Transactional databases have long been the most critical component of application design. Why? Because a steadfast database is generally the ultimate enforcement point for correctness in a messy, distributed world. Without them we’d overpay and undercharge. We’d lose riders trying to get home from the airport, and we’d lose items in our shopping carts. Our online accounts would get lost, duplicated, or corrupted, and become inoperable.
In fact, the transactional database (generally called OLTP — short for online transaction processing — database) has been so central to application development that, over time, it consumed more and more application functionality. However, microservices and other modern application architectures introduced new complexities into application design: Developers needed to manage data across different services and ensure consistency between them, which forced them to build complex data synchronization and processing mechanisms in-house.
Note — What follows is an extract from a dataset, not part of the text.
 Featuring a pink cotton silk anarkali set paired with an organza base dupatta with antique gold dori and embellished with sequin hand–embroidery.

And so, as an industry, we’re seeing increasing awareness that transactional guarantees are needed outside of the traditional model. We’re seeing the emergence of systems that extend strong transactional guarantees beyond the database, into the distributed apps themselves.
We’ve been tracking these solutions over the last few years. Generally, they strive to allow for transactional management of state in a large distributed app, without creating scaling challenges and while providing a modern programming environment.
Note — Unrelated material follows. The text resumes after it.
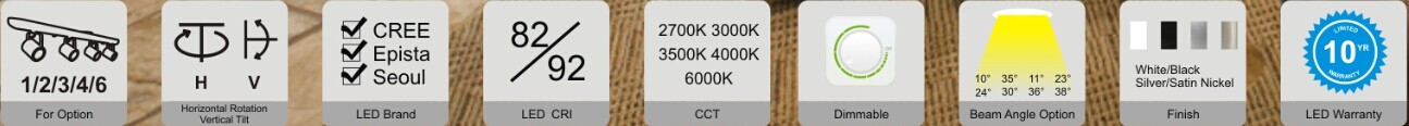 Provide 360° rotation and 90° vertical aiming, They are dimmable using high-quality, reverse-phase dimmers and are available in black, silver, satin nickel or white finishes.
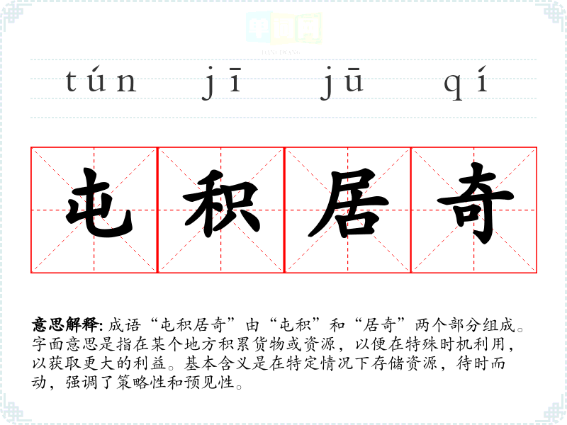 成语“屯积居奇”由“屯积”和“居奇”两个部分组成。字面意思是指在某个地方积累货物或资源,以便在特殊时机利用,以获取更大的利益。基本含义是在特定情况下存储资源,待时而动,强调了策略性和预见性。

We find these solutions roughly break down into two categories. One category is workflow orchestration. This basically guarantees that a block of code will run to completion, even in the face of failure. So it can be used for the purpose of managing a distributed state machine deterministically without getting wonky. The second category is database + workflow, which extends traditional OLTP database design, allowing for the execution of arbitrary code for the same purpose.
This is still a very nascent area, and there is a lot of confusion around nomenclature, how each tool is used in practice, and who should be using them. To help get a better understanding, we asked practitioners from leading engineering organizations about their transactional stack and how they’re thinking about three key concepts for transactional workloads: application state, business logic, and business data.
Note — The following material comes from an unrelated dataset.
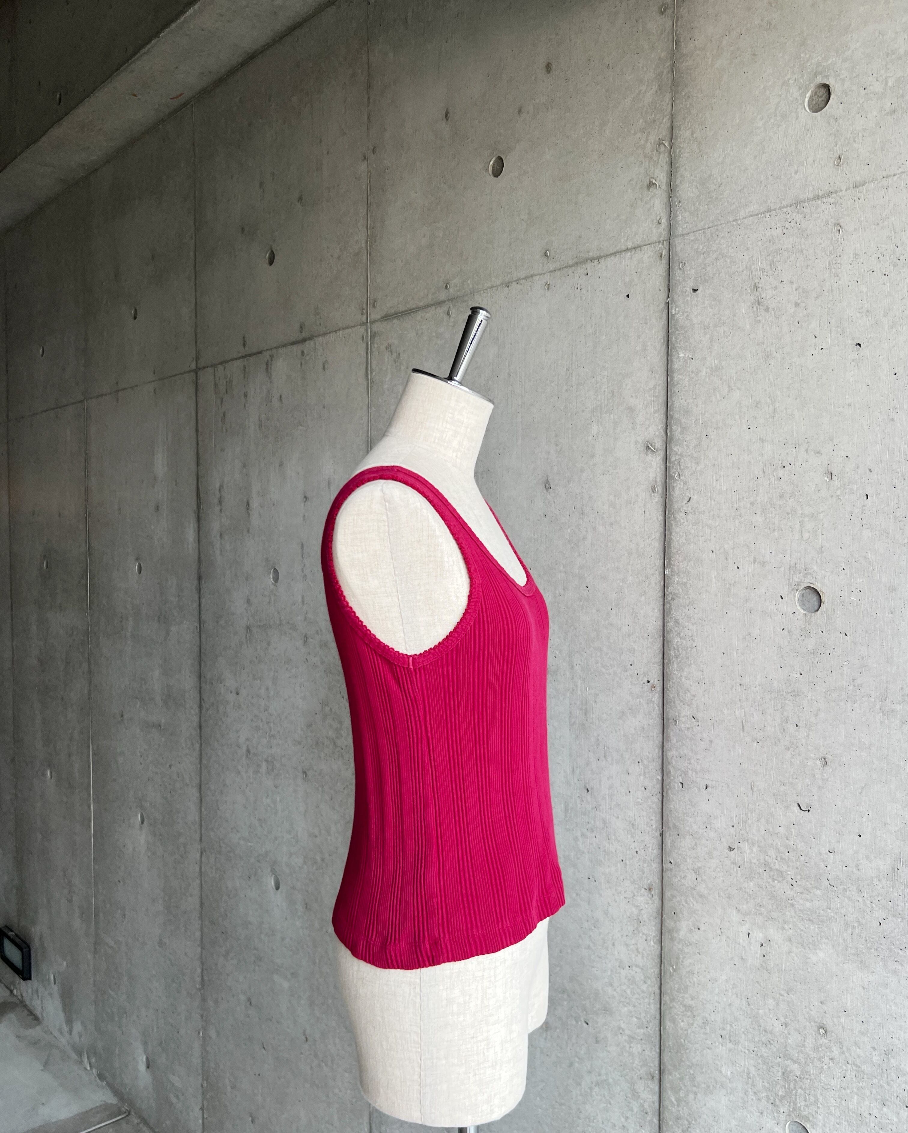 深みのあるボルドーカラーに全体のパイピングに施されたレースのような装飾が施された不規則なピッチ幅のリブタンクトップ

Before examining these new stacks, though, here’s a quick semi-technical digression to help understand how we got here.
The very rough version is this: There are a set of tasks — transactions — that you either want to do all of, or none of. Anything in between (having it partially done) will end in a corrupt state. It’s hard to guarantee anything in a distributed system, but databases do it well with transactions. Therefore, the easiest way to handle guarantees in many systems is to just make most things transactions and let the database handle them.
Modern apps are big distributed systems with lots of users doing lots of things. So even keeping the app state consistent (like tracking where different users are in a check-out flow) turns into a distributed transaction problem. In traditional monolithic architectures, managing transactions using SQL with an OLTP database was somewhat effective. But in the new, complex world of microservices interacting through higher-level APIs (e.g., REST or gRPC), transactional needs have become distributed in nature.
However, many companies going on the journey to microservices haven’t done much to extend strong transactional guarantees beyond the database. And, in practice, that’s almost always OK. But as applications scale, inconsistencies in data grow, as does the resulting bugginess and un-reconciled errors in business data. Which, of course, can be hugely problematic. This forces application developers to deal with a wide swath of failure scenarios and conflict resolution strategies, and to ensure state consistency by coming up with their own strategies through different architectural patterns.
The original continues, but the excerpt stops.